The science isn't as settled as they want you to believe it is:
These actions and rhetoric are predicated on the perception that climate change is an imminent threat to humanity, a perception that may be based on what one expert, Professor Roger Pielke, Jr. of the University of Colorado Department of Environmental Studies, calls the “the unstoppable momentum of outdated science.”
In an article published November 30, 2020 in the Honest Broker Newsletter Pielke writes, “Much of climate research is focused on implausible scenarios of the future, but implementing a course correction will be difficult.”
“Ultimately, the issues associated with the misuse of scenarios in climate research and assessment are a matter of scientific integrity,” he concludes.
Pielke cannot be called a climate change denier. Indeed, he has long been an advocate for action, but he is also a vigorous advocate for accurate, dispassionate and politically neutral science as an essential predicate to discussions of climate change policy.
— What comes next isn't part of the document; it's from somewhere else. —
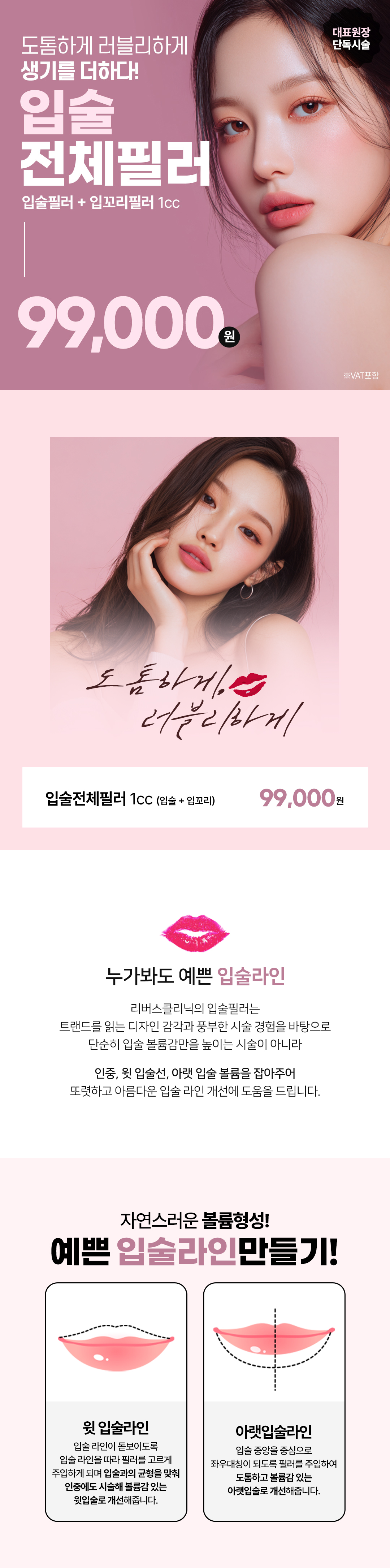 볼륨 가득 입술필러, 입술전체, 입술 입꼬리 리버스클리닉 분당

“Responding to climate change is critically important,” writes Pielke. “So too is upholding the integrity of the science which helps to inform those responses"...
Pielke published a graph showing how carbon dioxide emissions scenarios for the future, including the one “most commonly cited” by climate researchers, Representative Concentration Pathway 8.5 (RCP8.5), diverge significantly from actual emissions to date (dark purple curve).
“The misuse of scenarios in climate research and assessment documented in this paper includes the inappropriate identification of an extreme, implausible scenario [RCP8.5] as a reference or ‘business as usual’ baseline and the improper comparison of scenarios generated from different integrated assessment models.”
Pielke writes, ”Evidence is now undeniable that the basis for a significant amount of research has become untethered from the real world.”
He says his literature review shows “almost 17,000 peer-reviewed articles that use the now-outdated highest assessments of the IPCC and the U.S. National Climate Assessment.”
His drive for accurate, truthful science has not come without criticism or derision. Climate alarmists routinely disparage both Pielke and his father, Robert Pielke Sr., a climate scientist who is likewise a critic of shoddy science. The “cancel culture” is particularly strong when it comes to adhering to climate change orthodoxy.
Shocking, I know.
2 comments:
Natural variability is not climate change.
I always love the local news stories about what is going to happen to an area when sea levels rise--Manhattan will be under water!.
I love it, because to this day I have never seen such an article include the NOAA tide gauge chart for the area.
When I come across such an article, I often pull up the nearest tide gauge and laugh. Pretty much every long-term gauge in the world shows a perfectly linear trend going on a century, with absolutely no acceleration due to post-WWII industrialization.
The exceptions tend to be places with large land subsidence, not sea level rise, i.e. cities built on landfill or on a sand bar. And one island in the South Pacific which suffered an earthquake and saw the land suddenly drop away.
They couldn't post such a graph, because it would make a mockery of the doom-mongering.